The data that follows must be transcribed in full and exactly, minus the pictures.

- Given information -
┄┄┄┄┄┄┄┄┄┄
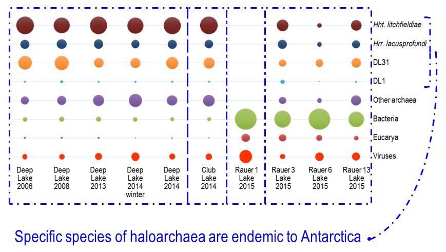 This indicates that these species are overall endemic to the Vestfold Hills-Rauer Islands and may very well be endemic to Antarctica. Very little is known about the endemism of Antarctic microorganisms (Cavicchioli Nat Rev Microbiol 2015): do regional distinctions occur (i.e. between the 16 distinct ice-free regions)?; does Antarctica have its own ‘total microbial pan-genome’ that varies to the rest of the world?; what does the extent of endemism mean for species invasion? – will the Antarctic populations be susceptible to alien species and hence ecosystem function become irrevocably perturbed? – one of our earlier studies suggests this could be the case for viral invasion of keystone bacterial species in Ace Lake (Lauro et al ISMEJ 2011).
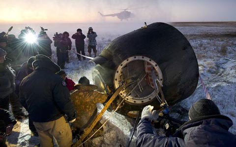| Ba nhà phi hành gia là Mike Fossum (Mỹ), Sergei Volkov (Nhật) và Satoshi Furukawa (Nhật) từ Trạm không gian quốc tế trong tàu vũ trụ Soyuz của Nga hạ cánh an toàn xuống một vùng hẻo lánh ở Kazakhstan vào ngày thứ ba tuần trước. Ảnh: NASA. |
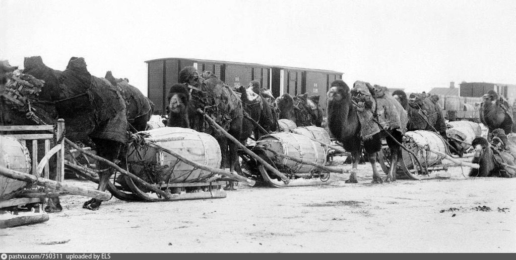 Доставка товаров на станцию Курган из степного края на верблюдах Описание: Выставка «Ворота в Сибирь или Зауральский Чикаго» 1892—1898, Россия, Курганская область, Курган https://vk.cc/cQJ7Sh
┄┄┄┄┄┄┄┄┄┄
- Solution -
 This indicates that these species are overall endemic to the Vestfold Hills-Rauer Islands and may very well be endemic to Antarctica. Very little is known about the endemism of Antarctic microorganisms (Cavicchioli Nat Rev Microbiol 2015): do regional distinctions occur (i.e. between the 16 distinct ice-free regions)?; does Antarctica have its own ‘total microbial pan-genome’ that varies to the rest of the world?; what does the extent of endemism mean for species invasion? – will the Antarctic populations be susceptible to alien species and hence ecosystem function become irrevocably perturbed? – one of our earlier studies suggests this could be the case for viral invasion of keystone bacterial species in Ace Lake (Lauro et al ISMEJ 2011).
| Ba nhà phi hành gia là Mike Fossum (Mỹ), Sergei Volkov (Nhật) và Satoshi Furukawa (Nhật) từ Trạm không gian quốc tế trong tàu vũ trụ Soyuz của Nga hạ cánh an toàn xuống một vùng hẻo lánh ở Kazakhstan vào ngày thứ ba tuần trước. Ảnh: NASA. |
 Доставка товаров на станцию Курган из степного края на верблюдах Описание: Выставка «Ворота в Сибирь или Зауральский Чикаго» 1892—1898, Россия, Курганская область, Курган https://vk.cc/cQJ7Sh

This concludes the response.